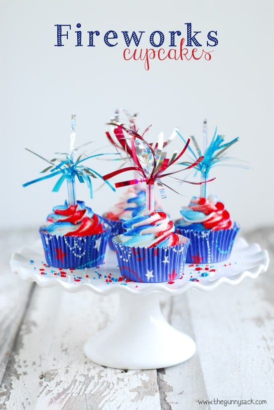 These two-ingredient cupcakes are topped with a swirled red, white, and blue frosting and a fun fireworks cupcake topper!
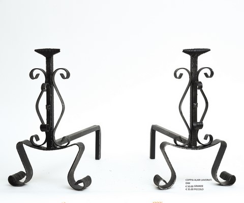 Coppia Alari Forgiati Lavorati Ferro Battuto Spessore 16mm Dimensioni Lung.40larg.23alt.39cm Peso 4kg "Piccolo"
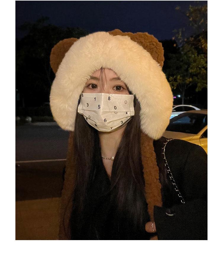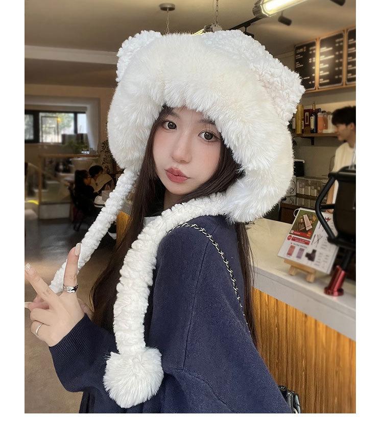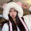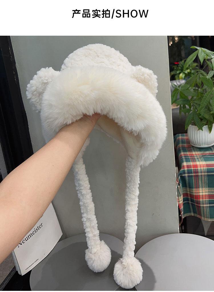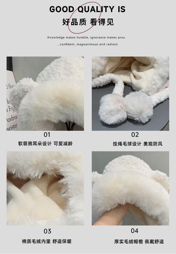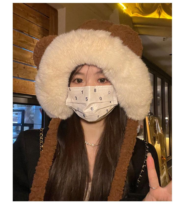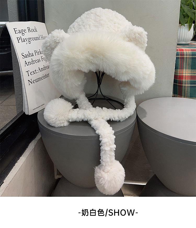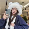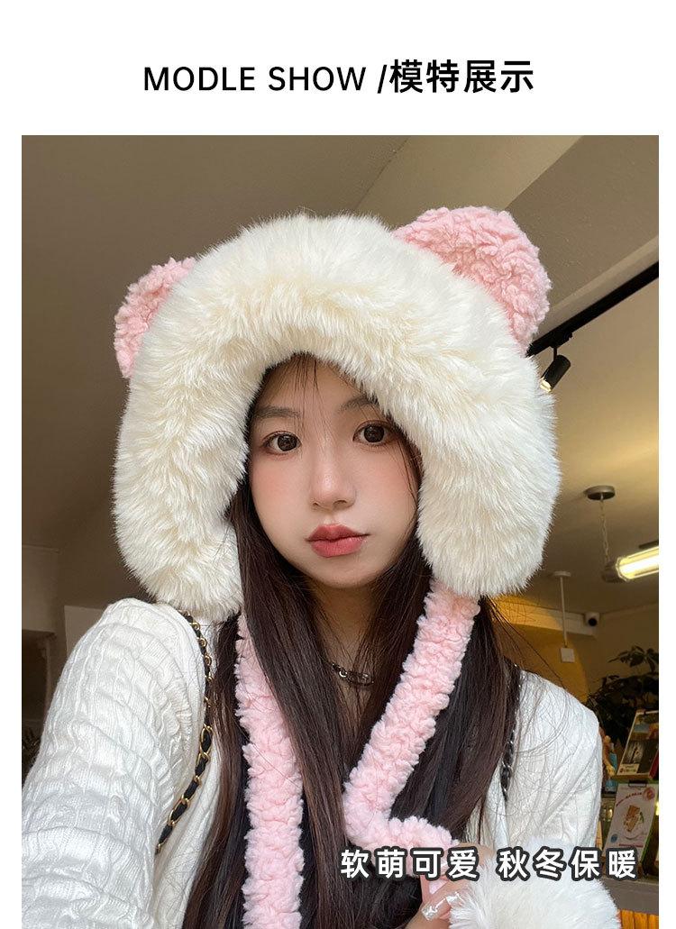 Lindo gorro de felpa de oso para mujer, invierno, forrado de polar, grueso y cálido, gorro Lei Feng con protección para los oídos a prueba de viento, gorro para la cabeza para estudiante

> Assignment:
Restate, line by line and word for word, everything from the top of the material through the line that contains "Coppia Alari Forgiati". Leave pictures out.

> Result for this exercise:
 These two-ingredient cupcakes are topped with a swirled red, white, and blue frosting and a fun fireworks cupcake topper!
 Coppia Alari Forgiati Lavorati Ferro Battuto Spessore 16mm Dimensioni Lung.40larg.23alt.39cm Peso 4kg "Piccolo"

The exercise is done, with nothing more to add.